Official Implementation of NeurIPS2024 Fast and Memory-Efficient Video Diffusion Using Streamlined Inference
Fast and Memory-Efficient Video Diffusion Using Streamlined Inference
Zheng Zhan*, Yushu Wu*, Yifan Gong, Zichong Meng, Zhenglun Kong, Changdi Yang, Geng Yuan, Puzhao, Wei Nui, and Yanzhi Wang
Northeastern University, Harvard University, University of Georgia
38th Conference on Neural Information Processing Systems (NeurIPS 2024)

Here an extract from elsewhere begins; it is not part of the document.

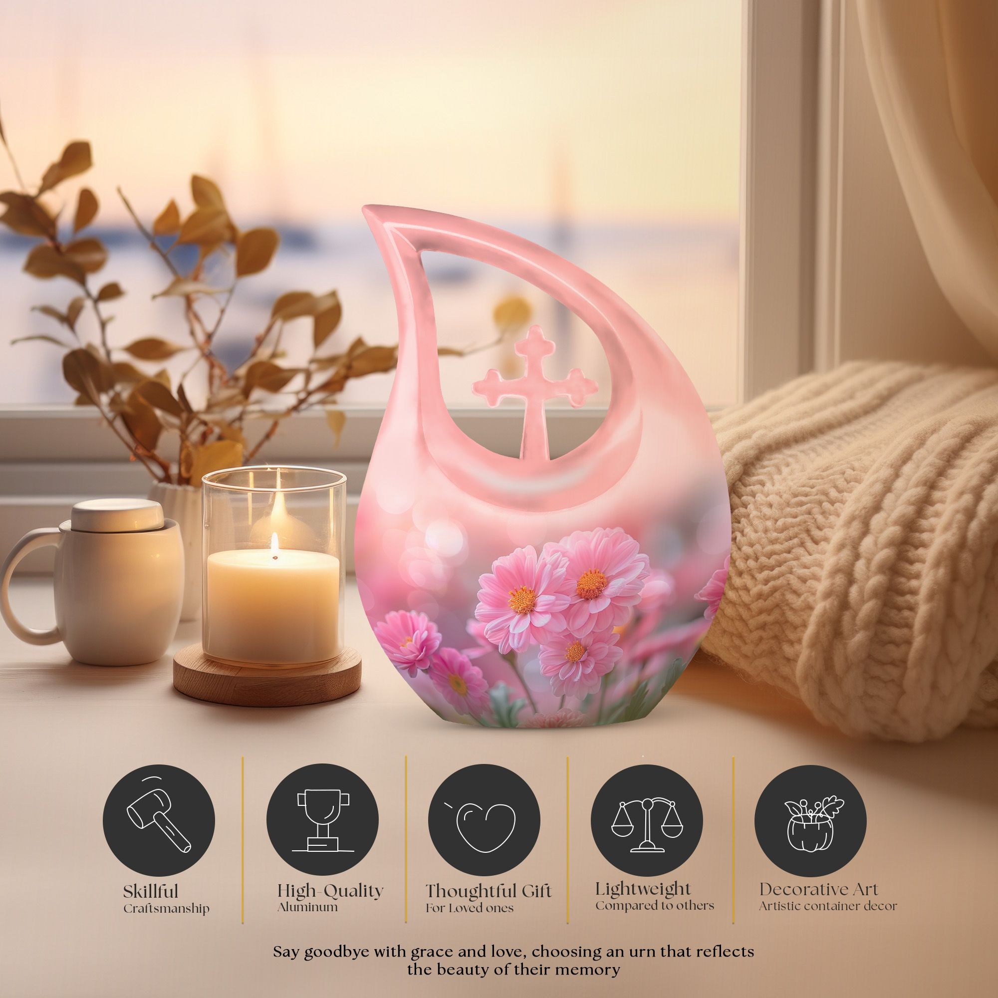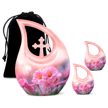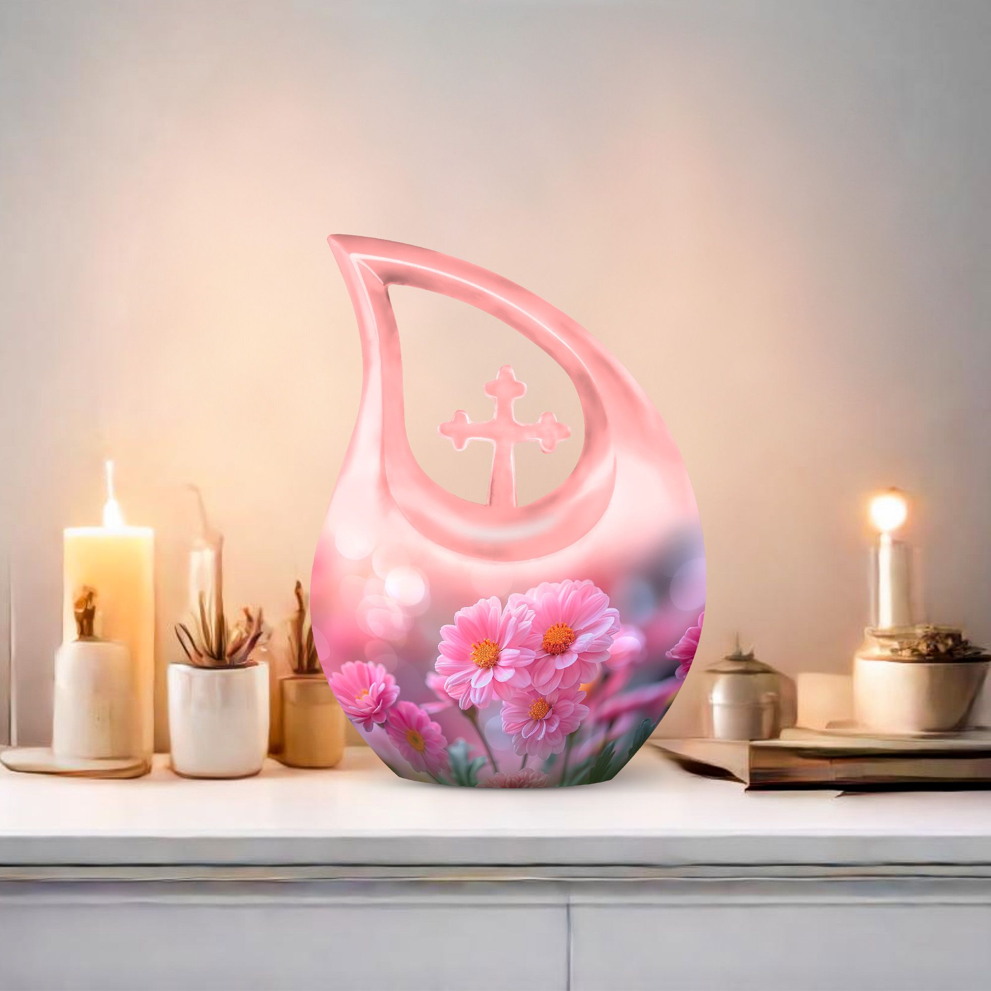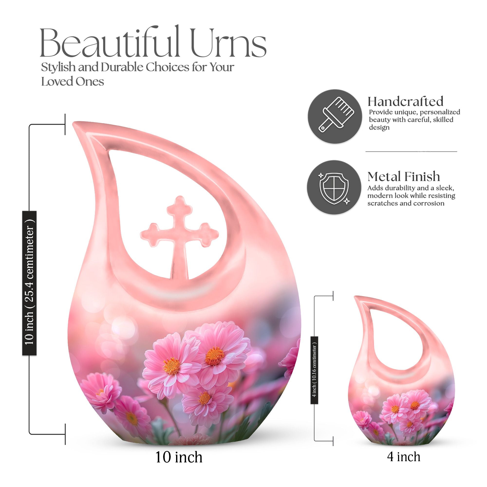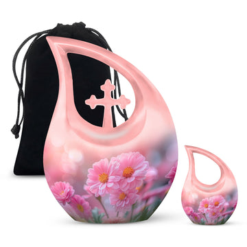 Let us present you with the 'Petals And Light Urn', a beautiful, large urn, designed with utmost precision that reflects love and respect towards your loved ones. This large urn, standing at 10 inches in height, is meticulously crafted from quality aluminium, heavy yet easy to carry, weighing just 3.3 pounds. This urn offers a significant capacity, holding up to 200 cubic inches of remains. It features a distinctly unique 'Cross Drop' design that symbolizes undying faithfulness. We understand how personal grief is; hence, we offer customization options—engrave names on the urn, making it a singular tribute to your loved ones. Additionally, a velvet pouch accompanies this urn for secure containment of ashes. This distinguished piece is a spectacular representation of love, suitable for both mother's or dad's ashes. Explore our collection of memorial urns and discover a beautiful selection of burial urns for sale, including extra-large companion urns and smaller urns for different needs. Experience the serene tranquility of honoring your loved ones with our 'Petals And Light Urn'.

This repo contains simulation of Feature Slicer (Sec.4.1) and Operator Grouping (Sec.4.2) which can effectively reduce the memory-footprint of spatial-temporal model in inference.
NVIDIA A100-SXM4-80GB
NVIDIA A100-PCIE-40GB
NVIDIA A6000
- Stable Video Diffusion
- AnimateDiff
git clone https://github.com/wuyushuwys/FMEDiffusion
cd FMEDiffusion
# if you use conda
conda create -n fme python=3.10 -y
conda activate fme
pip install torch==2.4.1 torchvision==0.19.1 --index-url https://download.pytorch.org/whl/cu121
pip install pynvml # for memory-footprint benchmark
pip install .
import torch
from diffusers import StableVideoDiffusionPipeline
from diffusers.utils import load_image, export_to_gif
# import our module wrapper
from fme import FMEWrapper
# load pipeline
pipe = StableVideoDiffusionPipeline.from_pretrained(
"stabilityai/stable-video-diffusion-img2vid", torch_dtype=torch.float16, variant="fp16"
)
pipe.to('cuda')
# initialize wrapper
helper = FMEWrapper(num_temporal_chunk=7, num_spatial_chunk=7, num_frames=pipe.unet.config.num_frames)
# wrap pipeline
helper.wrap(pipe)
# Inference as normal
image = load_image(
"https://huggingface.co/datasets/huggingface/documentation-images/resolve/main/diffusers/svd/rocket.png")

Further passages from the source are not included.